* _Your task_:
Restate word for word only the lines running from the one with "リコリス・ブラックは、半光沢" to the end of the data, both ends included. Omit any pictures.

* _Supplied information_:
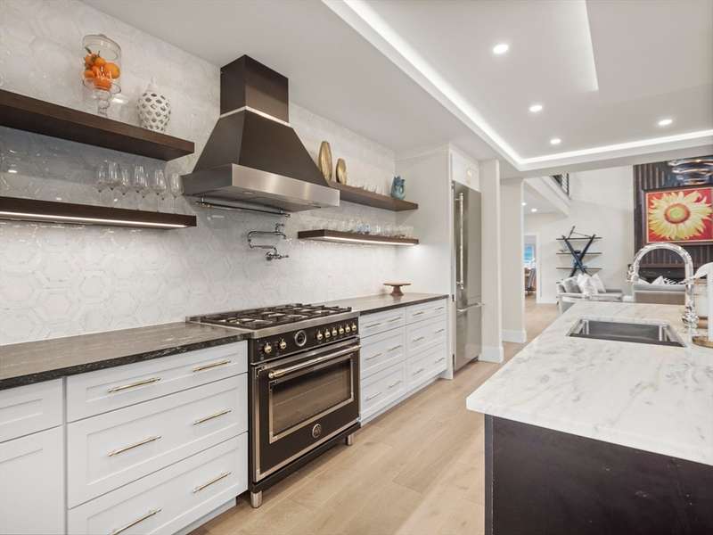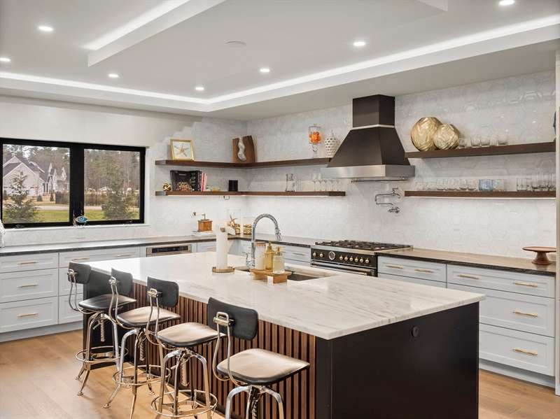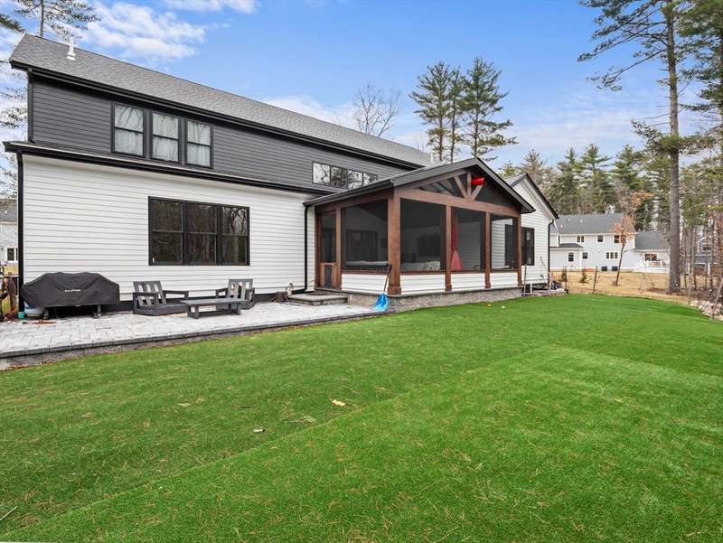 Welcome to Falcons Ridge! Rowley s most desirable neighborhood. 39 Taylor Lane offers the perfect blend of custom design, high-end finishes, and everyday functionality. This stunning home showcases a chef-inspired kitchen with elegant marble countertops, custom cabinetry, and premium Bertazzoni Heritage Series appliances, making it a true centerpiece for entertaining and daily living. The custom wood wall accents in the living room, family room, and kitchen island add warmth and character, elevating the interior with thoughtful detail. Step outside to enjoy the private 400-square-foot patio and low-maintenance synthetic turf, a perfect setup for gatherings, play, and pet-friendly enjoyment. A standout feature of the home is the charming 3-season porch, complete with a cozy wood-burning fireplace ideal for relaxing mornings or cool New England evenings. Retreat to the spacious primary bedroom suite, which boasts a luxurious primary bathroom and an impressively large walk-in closet.
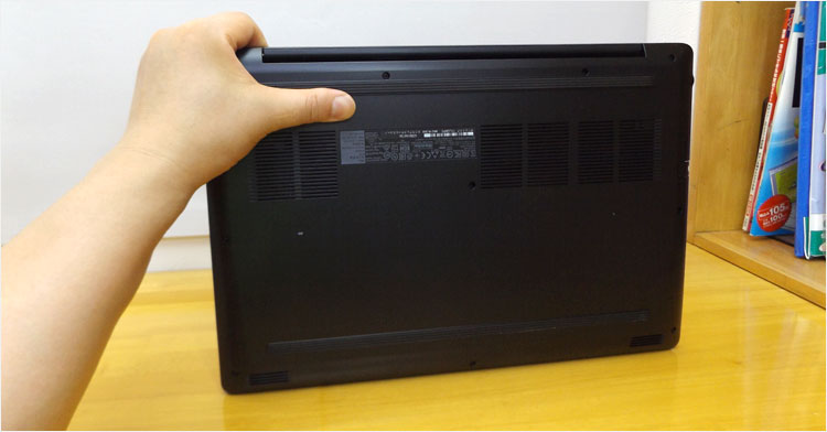 リコリス・ブラックは、半光沢でさほど濃いブラックではない。控えめにラメ粉が含まれており、微かにキラキラしたスパークリングである。天板中央にはメタリックブルーのDELLロゴを配置している。
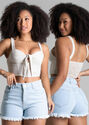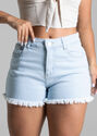 Short feminino desenvolvido em jeans A modelagem tem quadril soltinho. Bolsos frontais e posteriores funcionais O cós tem passantes e fechamento por zíper e botão A barra tem acabamento desfiado. Tecido: jeans Tipo de lavagem: Azul médio Cor: Azul

* _Task response_:
 リコリス・ブラックは、半光沢でさほど濃いブラックではない。控えめにラメ粉が含まれており、微かにキラキラしたスパークリングである。天板中央にはメタリックブルーのDELLロゴを配置している。
 Short feminino desenvolvido em jeans A modelagem tem quadril soltinho. Bolsos frontais e posteriores funcionais O cós tem passantes e fechamento por zíper e botão A barra tem acabamento desfiado. Tecido: jeans Tipo de lavagem: Azul médio Cor: Azul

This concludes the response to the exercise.